In rabbitmq-server PR #5054 I switched from socket option {packet, 0} to socket option {packet, 4} for the RabbitMQ stream protocol.

My expectation was to get a speedup since packet parsing will be done by the Erlang runtime. However, message throughput slightly drops.

I tried to come up with a minimal reproducible example without using RabbitMQ in GitHub - ansd/packet-parser: Compare performance of Erlang's socket option {packet, 0} vs {packet, 4}. Unless I’m doing something wrong (which might well be the case :slight_smile:) the tests suggest that using {packet, 0} and parsing packets in the application layer on my own is more than 5 times faster with a packet size of 1500 bytes compared to using {packet, 4}.
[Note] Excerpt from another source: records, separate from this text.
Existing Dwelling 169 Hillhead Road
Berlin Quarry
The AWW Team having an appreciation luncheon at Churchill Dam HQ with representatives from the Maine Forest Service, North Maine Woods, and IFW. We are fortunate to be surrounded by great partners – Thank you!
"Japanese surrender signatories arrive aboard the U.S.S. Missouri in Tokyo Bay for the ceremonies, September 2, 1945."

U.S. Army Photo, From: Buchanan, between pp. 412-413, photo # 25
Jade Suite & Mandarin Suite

I’m wondering whether this is expected?

Many thanks!


Since you are running {active,once} the VM will only read ?MSG_BYTES per call when you use {packet,4}. While when you use {packet,0} it will read the entire tcp buffer in one go. I think you would get a fairer comparison if you used {active,40} as then the VM can also read the entire buffer in one go and deliver all of it.


Thank you, that’s a good tip. I wasn’t aware that {active, N} will speed things up.
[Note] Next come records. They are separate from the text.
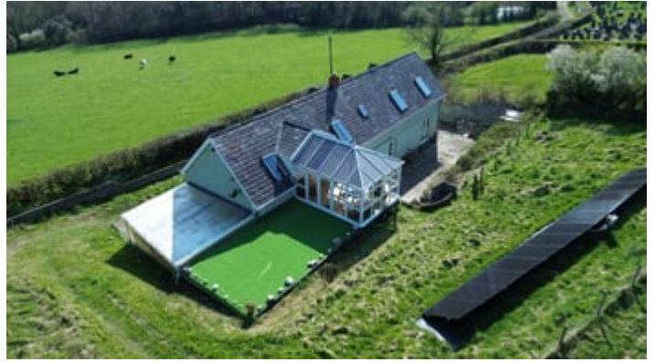
REAR OF PROPERTY (SECOND IMAGE)
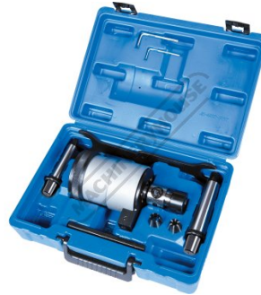
Blow Mold Case
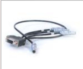
SIETZ interface cable - master series 250-0052
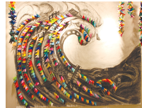
Tsunami , by AP Art Students '12 Charcoal on paper with origami
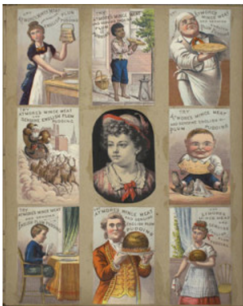
Fig. 3. Advertising card scrapbook. First page of a scrapbook, ca. 1880. Scrapbook and Graphic Arts Collection at the American Antiquarian Society. Gift of Nancy and Randall Burkett, 2006.

From our point of view the books were quite unreadable and almost pitifully useless . . . It didn't seem possible that so many books should be published with absolutely nothing in them. They were full of pictures, and that was promising, for naturally one expects the presence of pictures to indicate literature of the lighter sort. But such pictures as they were when you came to look at them! Common bugs in all stages of unbeautiful growth; worms only less ugly than in life; hens, mere hens, standing up to have their pictures taken . . . You opened up a nice, shiny, infolded sheet, evidently intended in creation for a beautiful picture, and found it held only drawings of windmills or churns.
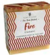
SNS151 soap 100g fire
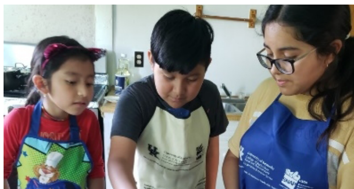
Siblings are pictured above working together to create a peach cobbler.

In a three-county region in Northern Kentucky, the Owen/Gallatin/Carroll County Nutrition Education Program Assistant came up with an idea for Day Camp in a Bag. Working with Gallatin and Carroll County 4-H youth development, Family and consumer sciences, and Agriculture natural resources departments, the program served 56 families with more than 150 young people. In Owen County, the Day Camp in a Bag was expanded to include gardening. Families received resources to set up the young people with the items they needed to plant their own Victory Gardens. The Nutrition Education Program Assistant provided on how to take care of the plants and dry the herbs. According to two Owen county youth participants, they enjoyed the chance to learn more about cooking. One youth particularly liked the enchilada recipe that was in one of the bags, because it was, "Quick and easy to make." Another participant reported that she enjoyed using the garden.
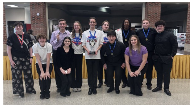
6A - Buford
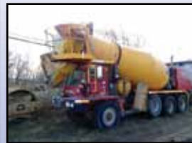
(1) OF (4) '97 OSHKOSH 11 CU YD

(4) 1997 OSHKOSH S-2146 Tri-Axle Front Discharge , Cat 3306 dsl, auto trans, Oshkosh 11 cubic yard front discharge mixers, s/n L5A-4151, s/n 1586, s/n N1754, s/n unknown, 200 gallon water tank, 46,000# rears, 21,000# front front and 20,000# airlift 3rd axle, aluminum wheels, and 445/65R225 tires. In fair to good condition with fair to very good tires.
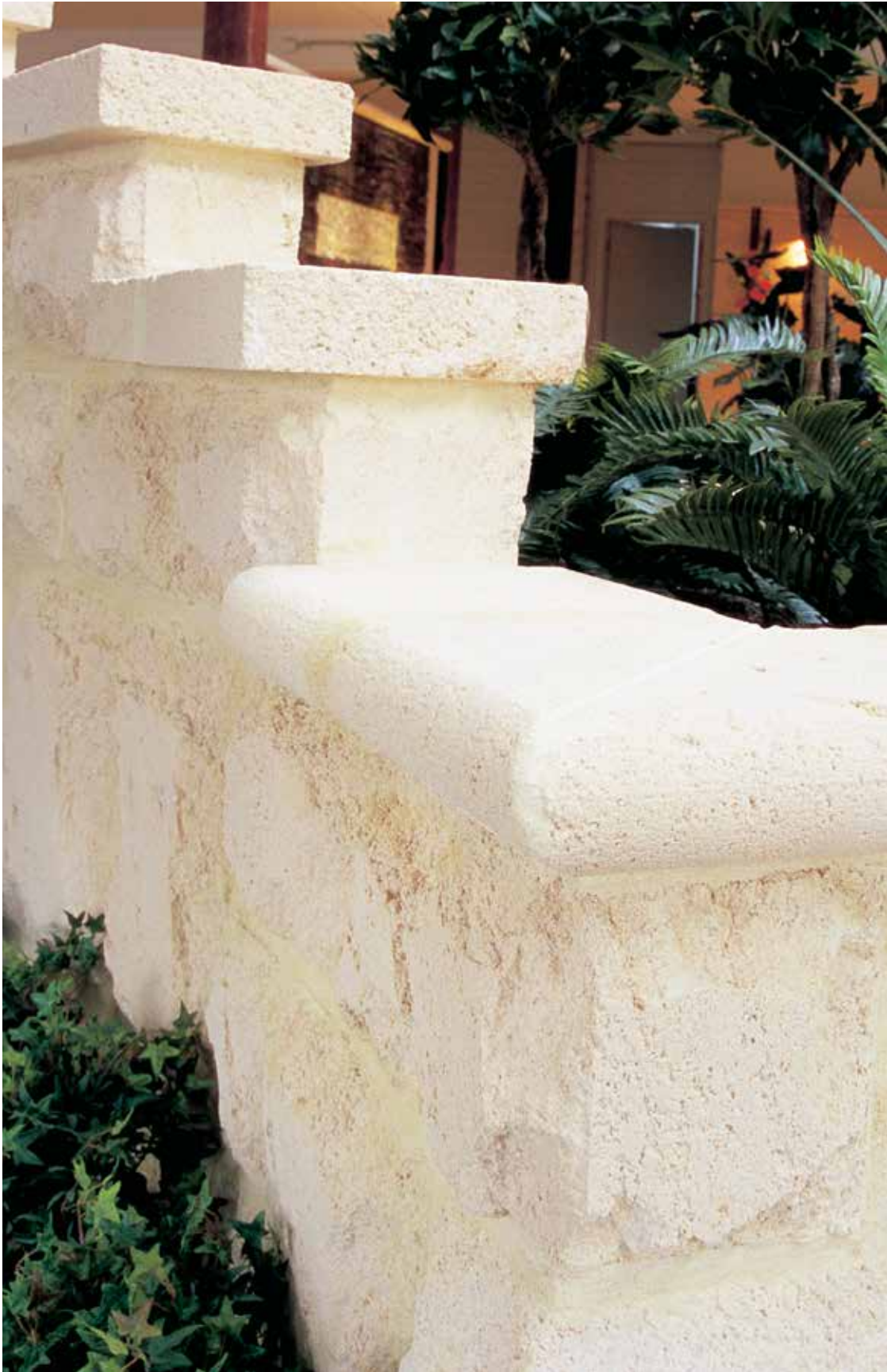
PRODUCT: NATURAL LIMESTONE - CARABOODA QUARRY CUT

I added some test results with [{packet, 4}, {active, 40}]. It does speed up receiving messages most of the time (depending on the packet size). However, with a packet size of 1,500 bytes it’s still more than 3 times slower compared to [{packet, 0}, {active, once}].

(To be fair, for small packets (~10 bytes) and large packets (>10KB), {packet, 4} performs always better than {packet, 0}.)

1 Like

Been tinkering a bit with David’s program today and narrowed it down to exactly the message size that cause the slowdown (at least on my machine).

With the program using {active, once} - I get ~13M messages over the 30s run when ?MSG_SIZE is 1456.

if I increase ?MSG_SIZE to 1457 I only get ~2.5M messages over the 30s run.

Doesn’t feel quite right :slight_smile:


That is the default buffer size:

> {ok, S} = gen_tcp:connect("",80,[]), inet:getopts(S,[buffer]).

So when you go above it the tcp driver implementation has to do two reads instead of one and probably some reallocations as well.